Two years later, patients in the UAE are undoubtedly safer from such criminals, but as The National reports today, there nonetheless remain loopholes of licensing through which untrained, unscrupulous medical practitioners are still able to slip in.

It may not be possible to replicate Moos' deception, but as a recent case in Al Ain illustrates, patients are still being put in harm's way. At the Cosmo Health Medical Polyclinics, for instance, authorities from Health Authority - Abu Dhabi found unlicensed doctors and dentists routinely working on unsuspecting patients.

Haad took quick and decisive action once the problem was identified by shutting down the clinic so no other patients could be put at risk. But one wonders how much harm these "doctors" did while they were practising. It is also worth asking how many other potentially dangerous clinics are in operation today.

Government authorities are working to reduce that number to zero. Haad and the Ministry of Labour have begun to examine ways to consolidate licensing processes among government agencies so unqualified medical practitioners are not able to slip through the cracks.

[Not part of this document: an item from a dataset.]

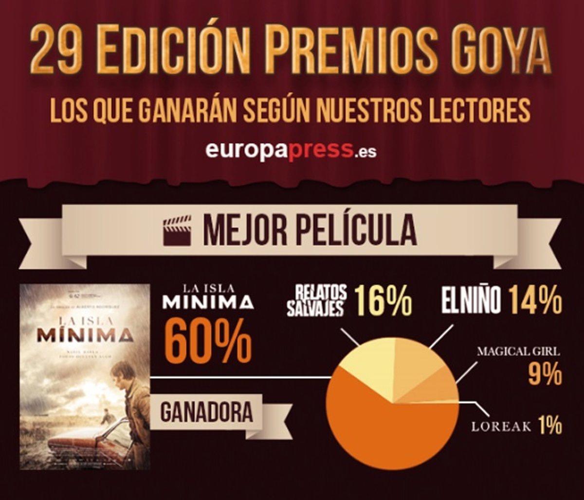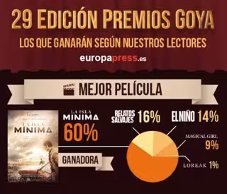 Los lectores de Europa Press tienen muy claro qué título será el vencedor en la 29ª edición de los Pemios Goya. La isla mínima es la película que parte como gran favorita para triunfar en la gala de las galas de nuestro cine que se celebra este sábado. ¿Pensarán lo mismo los académicos?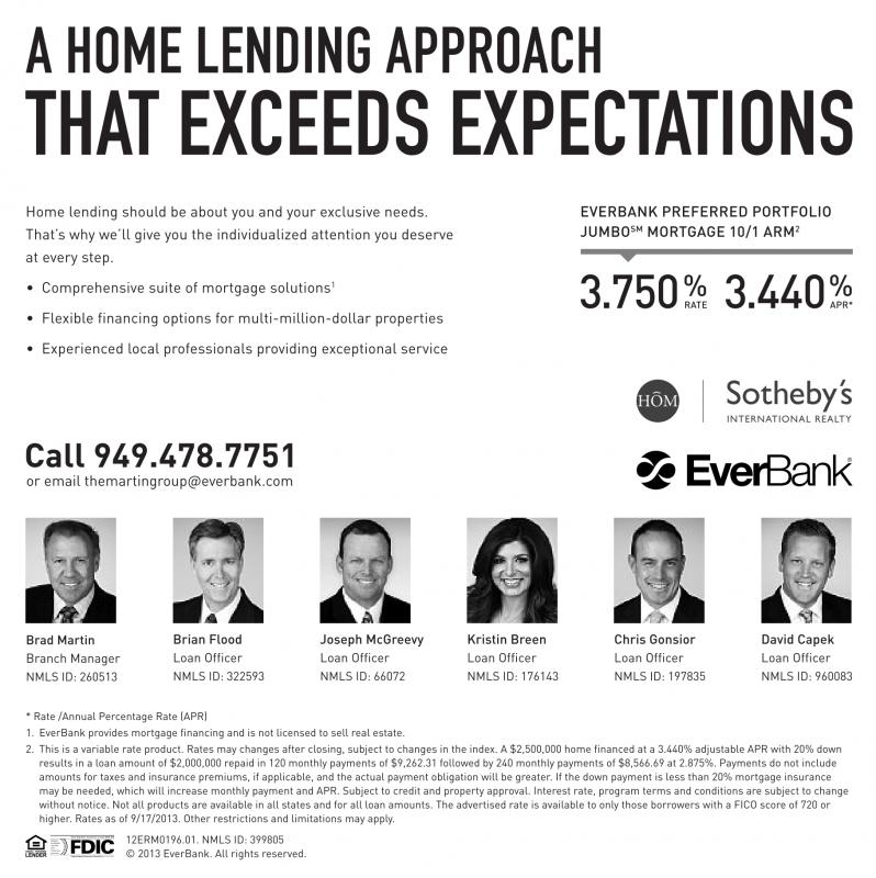 * Rate /Annual Percentage Rate (APR) 1. EverBank provides mortgage financing and is not licensed to sell real estate. 2. This is a variable rate product. Rates may changes after closing, subject to changes in the index. A $2,500,000 home financed at a 3.440% adjustable APR with 20% down results in a loan amount of $2,000,000 repaid in 120 monthly payments of $9,262.31 followed by 240 monthly payments of $8,566.69 at 2.875%. Payments do not include amounts for taxes and insurance premiums, if applicable, and the actual payment obligation will be greater. If the down payment is less than 20% mortgage insurance may be needed, which will increase monthly payment and APR. Subject to credit and property approval. Interest rate, program terms and conditions are subject to change without notice. Not all products are available in all states and for all loan amounts. The advertised rate is available to only those borrowers with a FICO score of 720 or higher. Rates as of 9/17/2013. Other restrictions and limitations may apply.

And as we noted in these pages last month, efforts are also underway to coordinate licensing procedures between Haad and the Dubai Health Authority so that a doctor fired in one emirate cannot simply move to another.

Plugging the paperwork hole will take time, as will a thorough inspection of all the country's health clinic and centres. But as the Al Ain case makes clear, the efforts are urgently needed to protect patients from people who prey on the uninformed.

If health-care practitioners are not willing to live up to the Hippocratic Oath - first of all, "do no harm", amid other ethical standards - then they have no place in the profession.